A small customers table is enough to demonstrate every technique. A few rows are deliberate duplicates on email, plus one with trailing whitespace and one with a different case so we can talk about soft duplicates later.

SQL

CREATE TABLE customers (
  id          INT UNSIGNED PRIMARY KEY AUTO_INCREMENT,
  first_name  VARCHAR(50)  NOT NULL,
  last_name   VARCHAR(50)  NOT NULL,
  email       VARCHAR(255) NOT NULL,
  phone       VARCHAR(20),
  created_at  DATETIME     NOT NULL DEFAULT CURRENT_TIMESTAMP
);

INSERT INTO customers (first_name, last_name, email, phone) VALUES
('Mei',    'Tanaka',   'mei.tanaka@example.com',     '555-0142'),
('Mei',    'Tanaka',   'mei.tanaka@example.com',     '555-0142'),
('James',  'Walker',   'james.walker@example.com',   NULL),
('Emma',   'Carter',   'emma.carter@example.com',    '555-0118'),
('Emma',   'Carter',   ' emma.carter@example.com ',  '555-0118'),
('Sofia',  'Marek',    'sofia.marek@example.com',    '555-0177'),
('Sofia',  'Marek',    'SOFIA.MAREK@example.com',    '555-0177'),
('Daniel', 'Brooks',   'daniel.brooks@example.com',  NULL),
('Daniel', 'Brooks',   'daniel.brooks@example.com',  NULL),
('Lukas',  'Becker',   'lukas.becker@example.com',   '555-0102');

Try it with your own values

Table nameColumn to check

Jump to:

How do I find duplicate rows in MySQL?
Method 1: GROUP BY with HAVING
Method 2: Window functions (MySQL 8.0+)
Method 3: Self-join
Comparison: which method to pick
How NULL behaves in duplicate checks
Soft duplicates: case and whitespace
Performance and the index that matters
FAQ

How do I find duplicate rows in MySQL?

Three queries, pick by what you need next. For a quick audit ("how many duplicates do I have?"), use GROUP BY ... HAVING COUNT(*) > 1: SELECT email, COUNT(*) AS dup_count FROM customers GROUP BY email HAVING COUNT(*) > 1 ORDER BY dup_count DESC;. Works on every MySQL version, returns one row per duplicate value with its count. To get every individual duplicate row tagged with a position so the next step is a DELETE, use the MySQL 8.0+ window function form: SELECT * FROM (SELECT *, ROW_NUMBER() OVER (PARTITION BY email ORDER BY id) AS rn FROM customers) ranked WHERE rn > 1;. On MySQL 5.7 and earlier where window functions do not exist, use the self-join: SELECT a.* FROM customers a JOIN customers b ON a.email = b.email AND a.id != b.id. Add an index on the duplicate-key column before running any of these on a large table; without it, Method 1 is full-scan, the window function buffers in memory, and the self-join goes quadratic.

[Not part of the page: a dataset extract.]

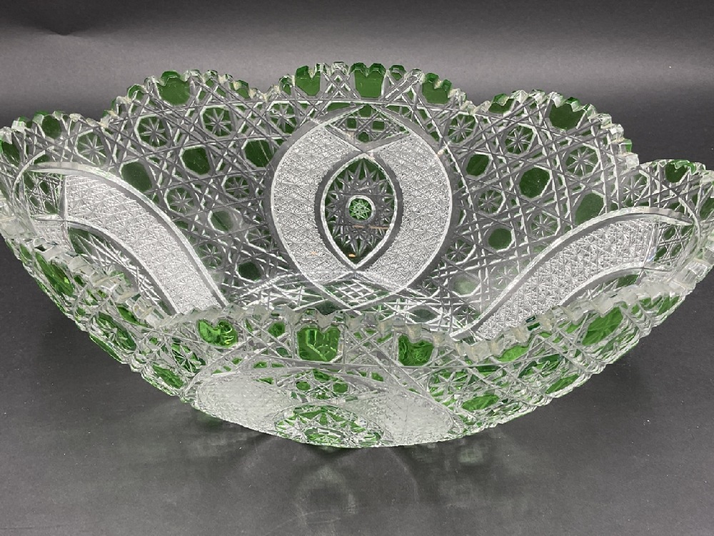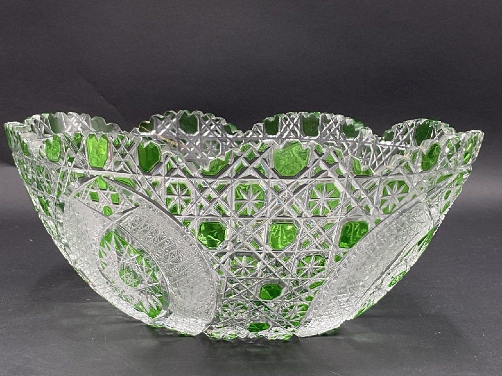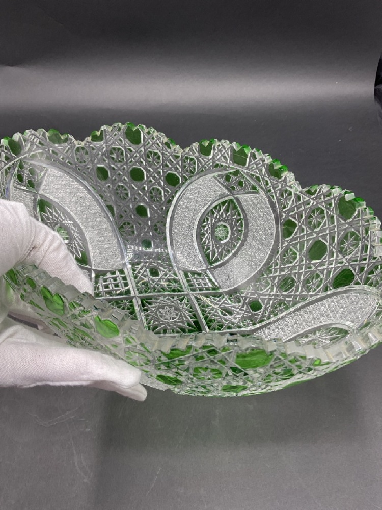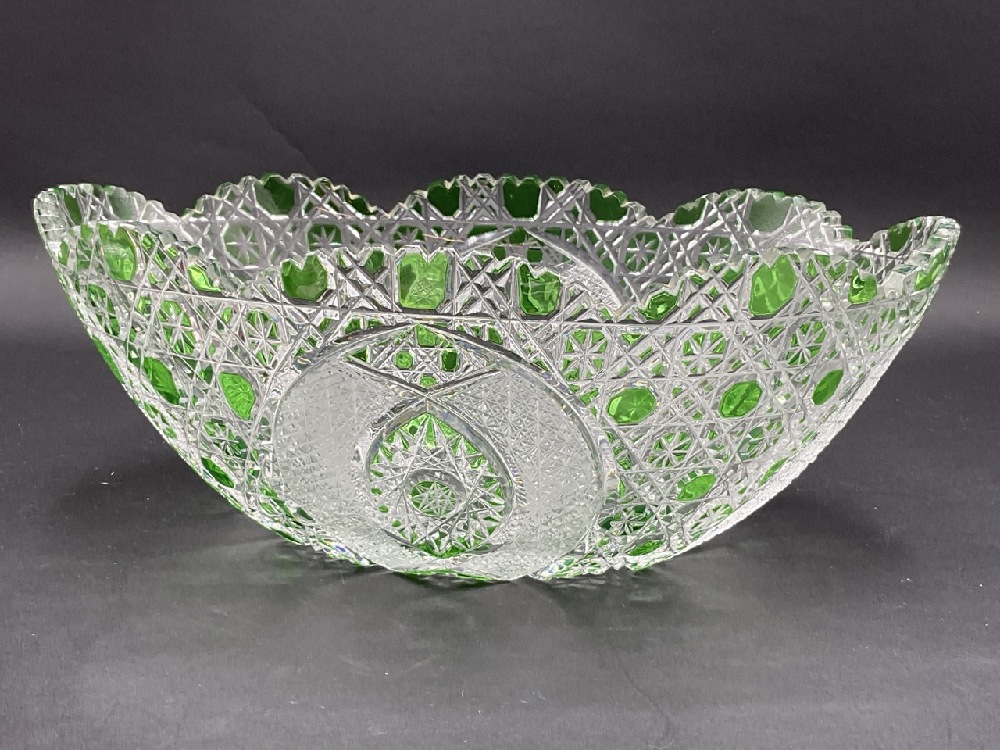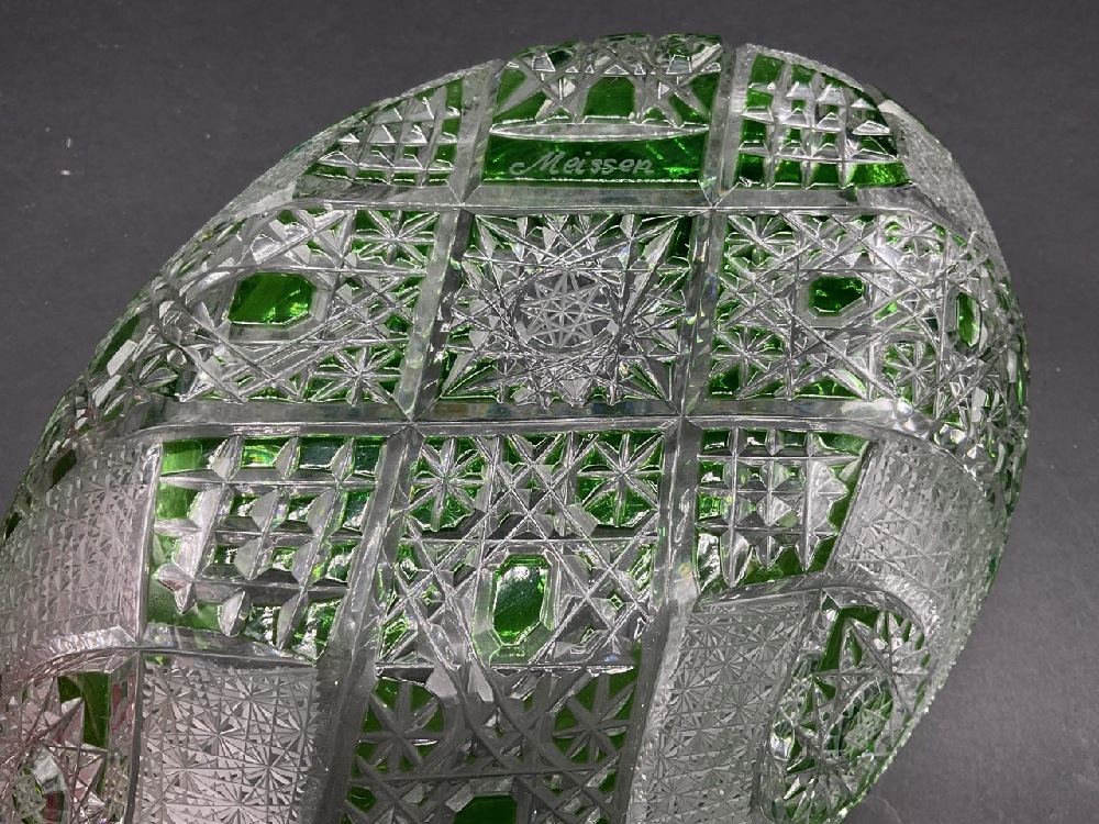 Signed Meissen Green Cut to Clear Signed Cut Crystal Glass Bowl.

Method 1: GROUP BY with HAVING

The shortest correct query. Works in MySQL 5.5, 5.6, 5.7, 8.0, and 8.4 (and anything older still in production).

SQL

SELECT email, COUNT(*) AS dup_count
FROM customers
GROUP BY email
HAVING COUNT(*) > 1
ORDER BY dup_count DESC;

Two things to read out of the result:

Each row is a duplicate value, with a count of how many rows in the table carry it.
The line that does the filtering is HAVING COUNT(*) > 1. A common first guess is to write WHERE COUNT(*) > 1 instead, but that fails with an error because WHERE runs before GROUP BY, so the aggregate COUNT(*) does not exist yet at that point. HAVING is the filter that runs after aggregation, which is when aggregates are available.

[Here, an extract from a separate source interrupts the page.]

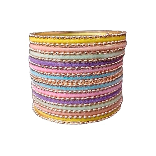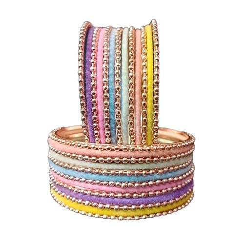 Velvet Metal Bangles for Women and Girls perfect for every occasion! This stunning Bangles set features 12 multicolored Velvet Bangles in a combination of vibrant hues beautifully complemented by 14 bangles with a chic rose gold finish. The light and comfortable design make these bangles a must-have accessory for any fashion-forward Female be it Women or Girl. Unleash your creativity and enhance your ensemble with this Pack of 26 effortlessly blending the luxurious feel of velvet with the timeless elegance of rose gold. Upgrade your jewelry collection with these versatile and on-trend Velvet Metal Banglesâyour go-to choice for a touch of sophistication and flair!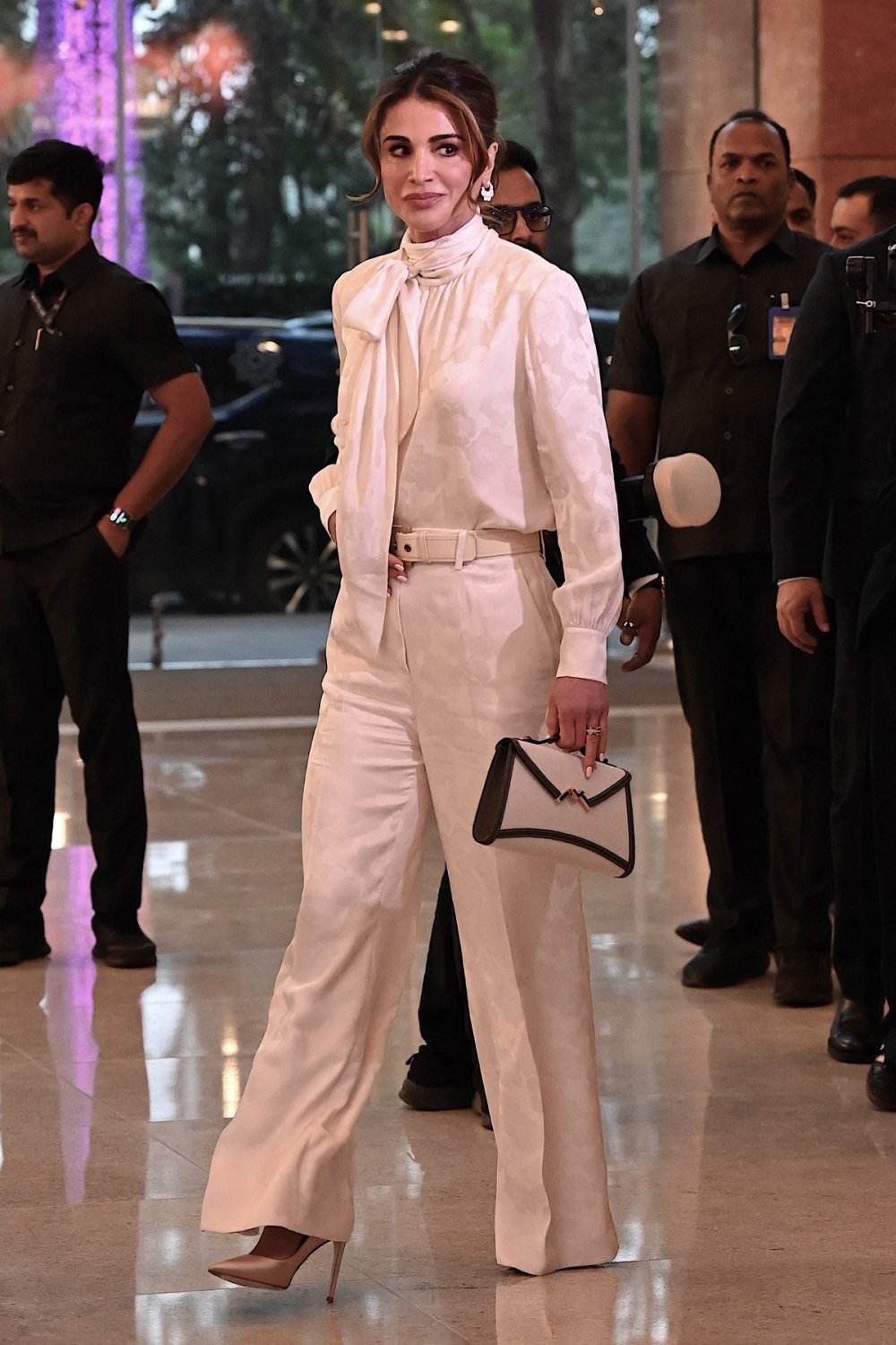 Rania je odabrala 'slonovača look od glave do pete', a on je gotovo savršena definicija onoga što se danas u modi naziva tihi luksuz: diskretno, skupocjeno, bez potrebe za dokazivanjem... Svilenoj bluzi s efektnim pussy-bow ovratnikom i suptilnim, gotovo neprimjetnim uzorkom u obliku cvjetnih motiva savršeno su odgovarale široke hlače visokog struka s ravnim, čistim krojem i izrazito dugim nogavicama, gotovo do poda.

To find duplicates across more than one column, list every column you care about in the GROUP BY:

Replace in this example:Columns to group on

SQL

SELECT first_name, last_name, email, COUNT(*) AS dup_count
FROM customers
GROUP BY first_name, last_name, email
HAVING COUNT(*) > 1;

Why are the same columns repeated in SELECT and GROUP BY? MySQL requires every non-aggregate column in SELECT to also appear in GROUP BY. This is the default since MySQL 5.7.5 (via ONLY_FULL_GROUP_BY in sql_mode). The reason: GROUP BY collapses many rows into one group, so MySQL needs to know which value to use for each column. The columns you grouped on are guaranteed identical within a group; columns you didn't group on are ambiguous, so the query errors out rather than picking arbitrarily.

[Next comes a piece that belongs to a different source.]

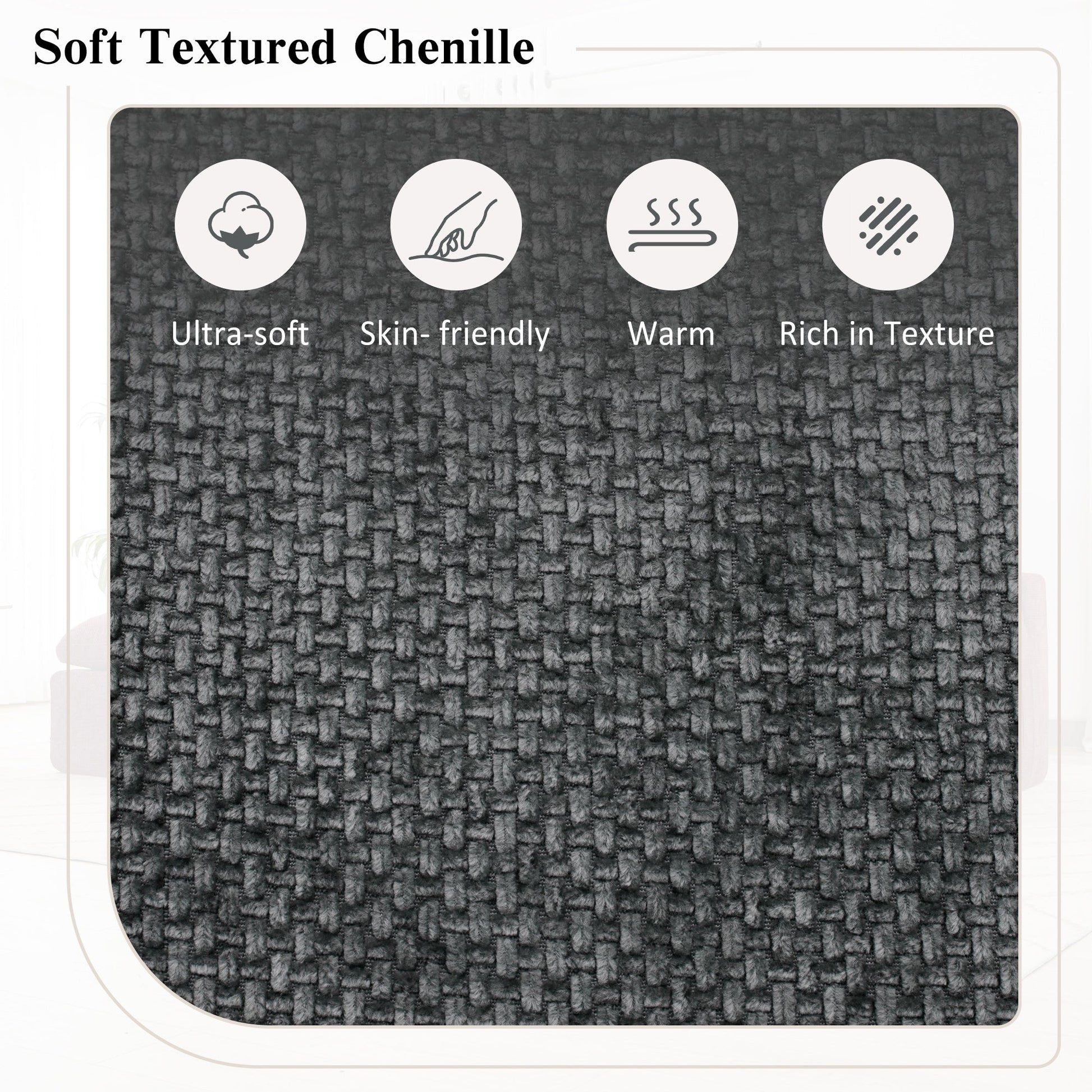 - Revêtement en chenille : tissu doux et durable avec un éclat subtil et une sensation texturée.

This is the one to start with for an audit. It tells you how many duplicate groups exist and how bad the worst offenders are. What it does not give you is the row id of each individual duplicate; for that, see Method 2 or 3.

Method 2: Window functions (MySQL 8.0+)

If you are on MySQL 8.0 (released April 2018) or newer, including 8.1, 8.2, 8.3, and 8.4, the cleanest query uses ROW_NUMBER():

SQL

SELECT id, first_name, last_name, email, rn
FROM (
SELECT id, first_name, last_name, email,
       ROW_NUMBER() OVER (PARTITION BY email ORDER BY id) AS rn
FROM customers
) AS ranked
WHERE rn > 1;

Line by line: the inner query gives every row a number starting at 1 inside its email group, with the smallest id getting 1. The outer query keeps only the rows numbered 2 or higher, which is exactly "every duplicate, but not the one you would keep". This is the form you want when the next step is to remove the duplicates: How to Delete Duplicate Rows in MySQL shows how to wrap this pattern in a DELETE with safety checks, dry-run verification, and rollback.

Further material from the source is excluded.